I only draw what I don’t know. My nose, the high forehead, the hair. But when I look at the sketch, at what’s left, it’s like one of those photofits on
Crimewatch
. Or that kids’ game where you slot different face sections in. Nothing fits. I can’t see him.

I know nothing about Tom. My dad. Never have. Just that Mum loved him, and he left. I don’t know how tall he is, what colour his hair is. I’m guessing pretty tall, because I’ve already got six centimetres on Mum. And dark. But I don’t know for sure. There are no photos. No letters. And Mum doesn’t talk about him any more than she talks about Will or her parents. I have no idea who he was. Maybe an artist. Because this must come from somewhere. Like Finn’s guitar hands. These things don’t just happen, and Mum can’t draw. Her birds are like aliens. Blobs with slits for eyes and wings in the wrong places. But I know I’m good. Good enough, anyway.

And for the first time in a long time I want to know. Because I figure unless I know who he is, I don’t know who I am. Or who I want to be. And that’s when I decide we can go. Because I want to find him. To find me.

HET

HET SITS
at her mother’s dressing-table. She is ten. Too young to be wearing the lipstick that coats her mouth and cheeks; thick red grease, like a clown child. Too young for the cloud of Chanel that surrounds her. Too young, too, for the tears that are trickling down her cheeks, taking a layer of soot-black mascara with them, running rivulets to her chin before dripping noiselessly onto the white smocking of her dress
.

You can’t cry in a mirror, she remembers. Can’t cry if you look at yourself. And so she stares hard at her reflection, willing the tears, this feeling, to stop. But Will’s fact is a lie after all. Or she is the exception. A freak. An aberration
.

She blinks away the inky salt of her tears and looks harder. She has her mother’s eyes, her mouth. Just like Will. So why is she so different? She repeats her father’s words silently to herself: “Why can’t you be more like your brother?” But the Het in the mirror doesn’t know either, just shrugs and lets another Elizabeth Arden tear stain her collar
.

Why can’t she be like him? Why can’t she feel like he does? Why can’t she dig for lugworms with Jonty, screaming with laughter as they disappear further into the waterlogged sand, too quick for the steel of the spade? Why can’t she wake happy that the sun is drenching her bedspread, filling everyone it touches with drunken joy, pulling them to the beach, to the fairground, into cafés and arcades? Everyone except her. Why, instead, does she feel this greyness that not even lipstick can hide? This weight that keeps her inside the cold, quiet granite of the house and pins her to her bed for hours, staring wordlessly at a crack in the plaster?

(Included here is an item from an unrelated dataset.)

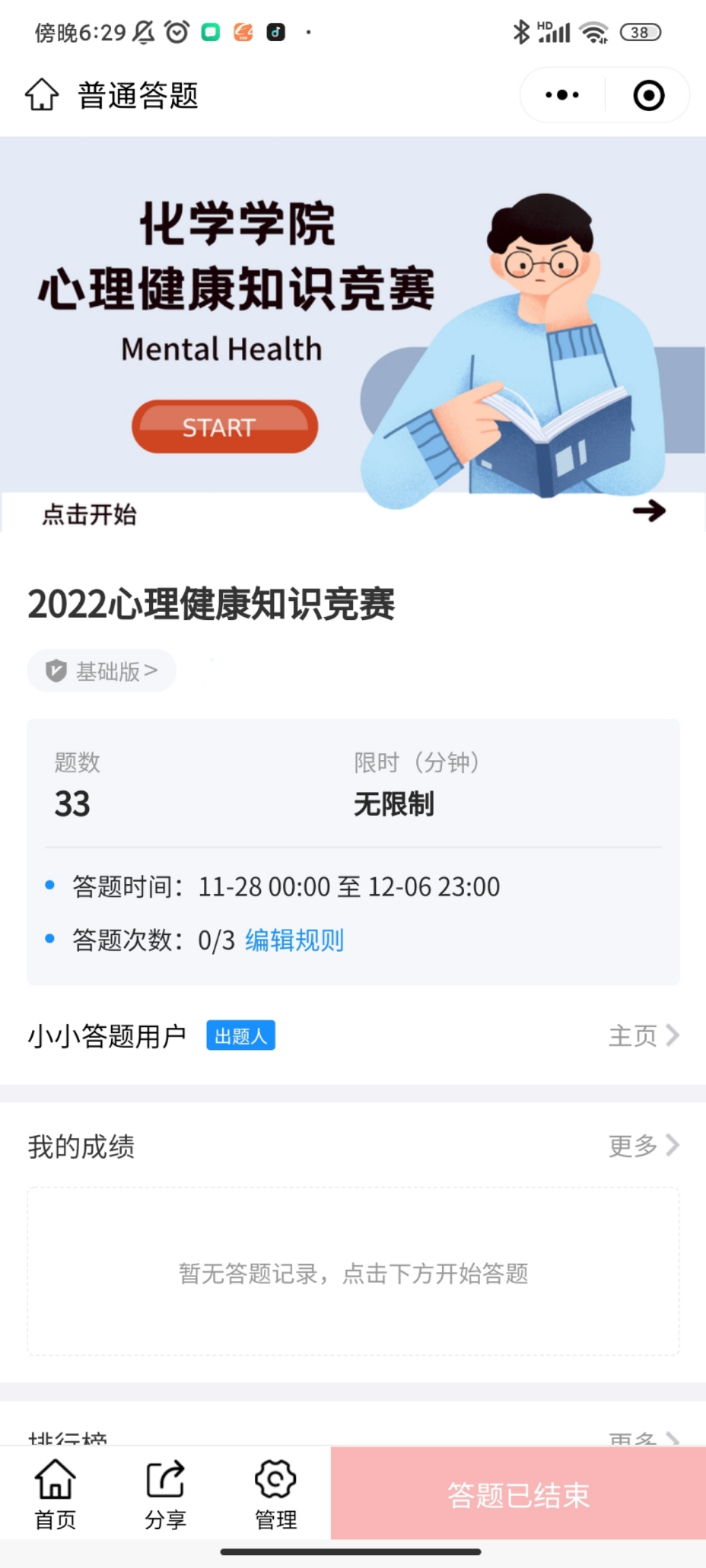 微信公众平台上发起了心理健康知识竞赛,本次竞赛共有60余名同学参与答题,85%的同学取得了很好的成绩,香香漫画
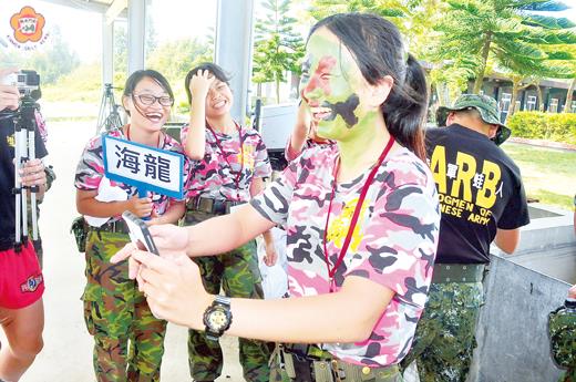 圖文/陳冠霖 第3梯金門暑期戰鬥營18日至22日展開,昨(19)日進行第2天課程,安排學員至兩棲營區「體驗偽裝」,軍方人員幫金戰營學員塗上又濃又厚的偽裝膏,有綠色、咖啡色和黑色,一名女生學員自告奮勇示範,願意「被塗全臉」,原本清秀的她,閉著眼睛讓教官幫她塗滿整臉偽裝膏,完成後,女學員拿出手機自拍看看「成果」,一看到自己臉上「全綠」加上咖啡色和黑色的花紋,女學員當場哈哈大笑。不過她說畫成這樣很可愛,是種不同的體驗。

Then she hears the creak as her mother’s heels dig into the wide staircase, feels the minute change in air pressure. And Het stops sniffing and silently slips to the floor, crawling under the lace-edged valance of her parents’ bed, where she will stay for two hours, until her father’s anger-soaked baritone chases her out for supper
.

BILLIE

FOR A MINUTE
I think I’m going to bottle it. When we’re sitting at Paddington: I think, I could do it. I could get off the train right now. Go to Cass’s. Or back to the flat.

Mr Garroway doesn’t even know we’ve gone yet. Mum doesn’t want to ring. Knows he’ll come round and demand the back rent there and then. Rent we don’t have. Not yet. She says he’ll find out soon enough when he turns up and all that’s left is an empty flat and a boiler that’s on the blink.

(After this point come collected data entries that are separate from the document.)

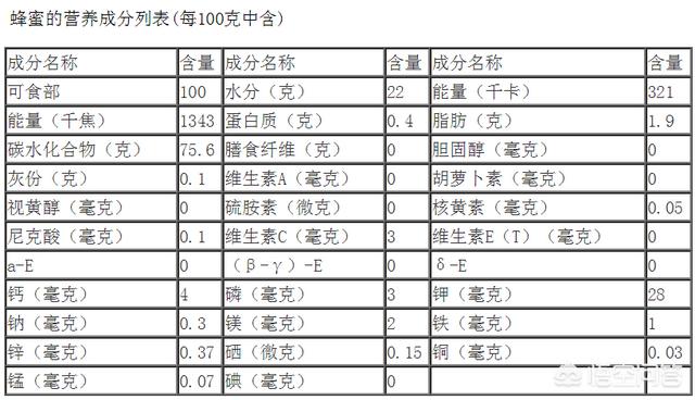 Le tableau ci-dessus montre que le miel est riche en hydrates de carbone, c'est-à-dire en sucre (jusqu'à 75 % ou plus), et qu'il ne contient qu'une petite quantité de vitamines et de protéines, et presque pas de minéraux. On peut dire qu'il s'agit d'un aliment riche en calories et d'une valeur nutritionnelle relativement unique, la valeur nutritionnelle globale n'étant vraiment pas élevée.
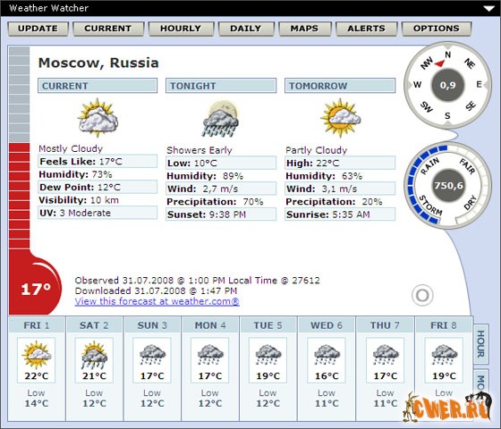 Weather Watcher - отличная программа, позволяющая получать сводку погоды в выбранном регионе для любого города по всему миру. Можно смотреть данные о погоде как по дням недели, так и по часам. Weather Watcher - небольшая настольная погодная станция, которая спокойно "сидит" в системном трее и автоматически обновляет сведения о погоде в указанном интервале времени.
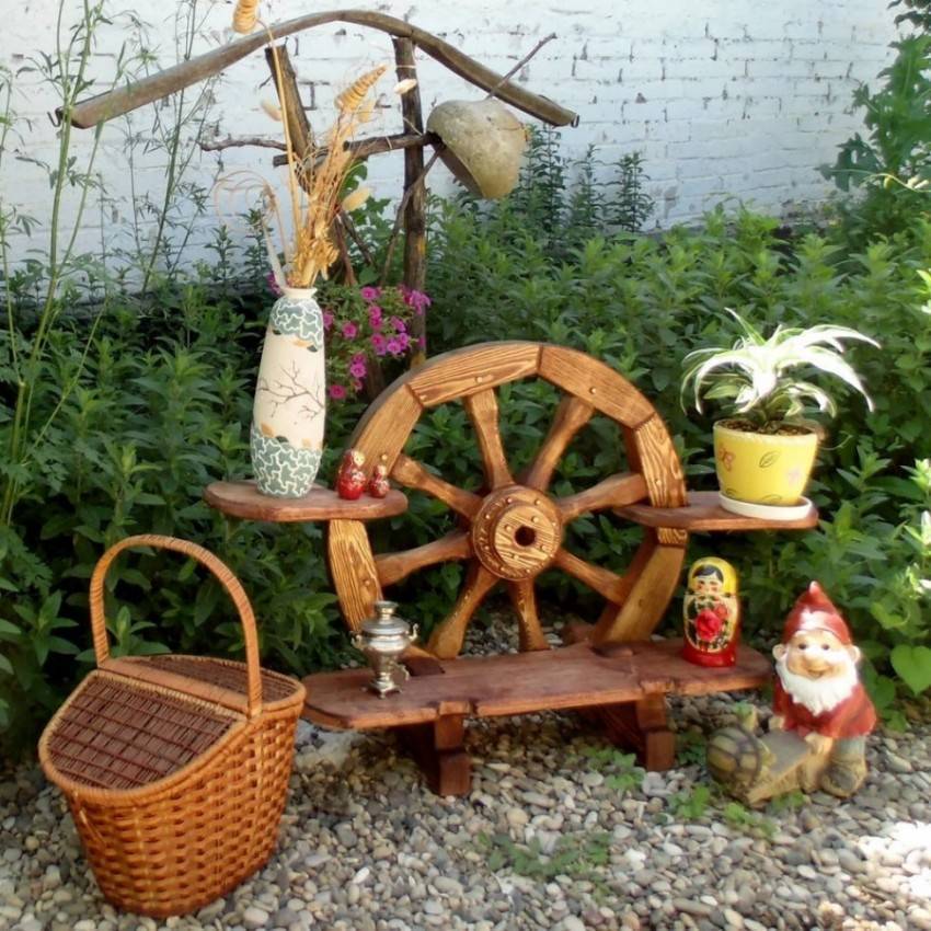 Из дерева мастерят различные декоративные тележки, оснащая их колесами от старых велосипедов. Из деревянных спилов многие дачники делают садовые дорожки и сооружают многоярусные клумбы.
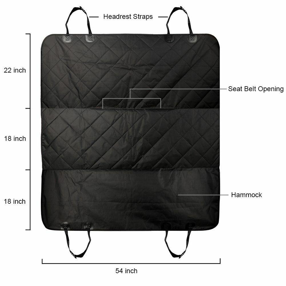 This rugged pet seat cover is made from 4 layers of fabric: thick water-resistant Oxford fabric, cotton layer, 100% waterproof polyester, and PVC non-slip soft rubber. Four layers of protection to keep your car safe from pet claws, stains, and liquids.
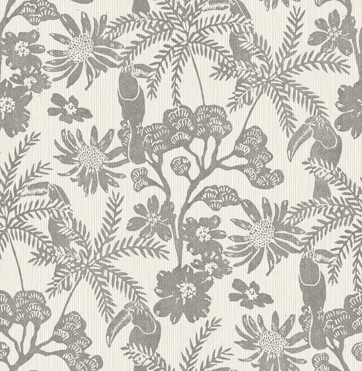 4146-27247 - Jacaranda Stone Tropical Trail Wallpaper. Enjoy the luxury of grasscloth without the high maintenance. This faux-woven design mimics the look of natural fibers beautifully. Its soft grey tones provide a neutral, sophisticated backdrop for any decor. Unlike real sisal, this non-woven wallpaper is washable and easy to clean. It is the perfect choice for coastal-inspired or "quiet luxury" interiors.. The width in (in) 20.5 X 33 product length in (ft) covering About 56.4 square feet. Product Match is Straight. Product Repeat is 20.86. Material is Non Woven. Adhesion Type is Unpasted - Washable - Strippable. The Color is Greys

Before we left, I looked around: at the pencil notches on the kitchen wall marking off the months and years of Finn’s growth in centimetre increments. Day-Glo magnets clinging to the fridge – the
f
,
i
and
n
s long missing – spelling out nonsense words now, gobbledegook. A picture of a horse by a seven-year-old me that I glued to the door because we’d run out of Blu-Tack. Pieces of us.